The Wilshire Center Building limited partnership, formed in 1976, owns a medical office building. After the first year, the partnership consisted of Lewis Podus, a limited partner who owned a 50 percent interest in the partnership, his brother Morris Podus, a general partner who owned a 33% percent interest in the partnership, and Sidney Newman, a general partner who owned the remaining 16% percent interest in the partnership.

*256 Although the partnership employed a full-time on-site manager, Lewis Podus, until his death in April 1984, and Sidney Newman performed many of the functions of property management. Lewis Podus spent full time on the business of the partnership and Newman about two days a week. Morris Podus devoted no time to management of the building. Neither Lewis Podus nor Sidney Newman received special compensation for their services to the partnership. 1 The partnership agreement in paragraph 8.2 specified that the general partners would receive no compensation for services the agreement required of the general partners in paragraph 8.1. The general partners were authorized to employ a property management firm the cost of which was to be a partnership expense. The agreement could be amended only with the consent of partners representing 75 percent interest in profits.
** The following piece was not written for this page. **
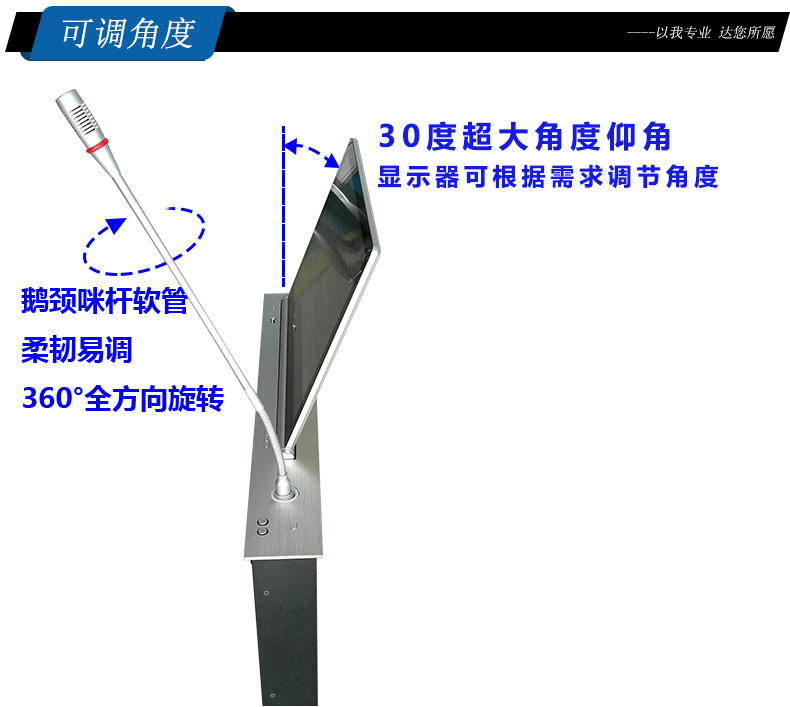 仰角角度: 0-30°,完全符合人體工程學原理,又不遮擋視線和人臉

Immediately after Lewis Podus died, Newman offered to manage the building and requested special compensation. He and Morris Podus discussed the matter between themselves and separately advised plaintiff Penny Broffman, Lewis Podus’s daughter and trustee of the trust to which Lewis Podus had transferred his interest in the partnership prior to his death, of Newman’s proposal. Broffman did not object. Newman and Morris Podus entered into a one-year contract which provided that Newman would receive a fee equal to 5 percent of the gross rental income from the building, with a limit of $75,000 per year. After the first year, Newman asked that the limit be removed. Morris Podus agreed; in May 1985, Newman and Morris Podus entered into a second one-year contract for Newman to manage the building. Before that, in April 1985, Penny Broffman (hereafter Broffman) objected to Newman receiving special compensation and demanded he refund his compensation for the previous year. The following year, Newman earned $102,000.
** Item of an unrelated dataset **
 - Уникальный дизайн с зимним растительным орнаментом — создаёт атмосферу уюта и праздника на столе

Broffman sued Newman for breach of contract, breach of fiduciary duties, and declaratory relief. She sought general and punitive damages. Newman defended on the ground that the partners did agree to his special compensation; and that the partnership benefited because the fee he charged was fair. The jury found for the defendants on the legal causes of action and the trial court found in their favor on the declaratory relief cause of action.

Discussion

Before turning to the substance of the issues presented by this case, we must first dispense with certain contentions by Newman pertaining to *257 Broffman’s capacity and standing to sue. We fail to understand how Newman can complain on appeal, as a respondent, about these issues when he either raised them in the trial court and lost, or did not raise them at all. Newman does not cross-appeal either on the capacity and standing issues he raises in his brief, or on the contention that Broffman may not proceed on her claims in an action at law for damages and for declaratory relief. Thus they are not properly before the court. In any event, it is sufficient to say that both in his answer and in his testimony, Newman conceded Broffman’s status as a limited partner. (Code Civ. Proc., § 430.80, subd. (a); Code Civ. Proc., § 431.20, subd. (a); 5 Witkin, Cal. Procedure (3d ed. 1985) Pleading, § 972, p. 403.) Moreover, if it is Newman’s contention that Broffman may not state a cause of action against Newman other than in an action for accounting and dissolution of the partnership, why was not this issue pursued on cross-appeal even if decided adversely to him in the trial court?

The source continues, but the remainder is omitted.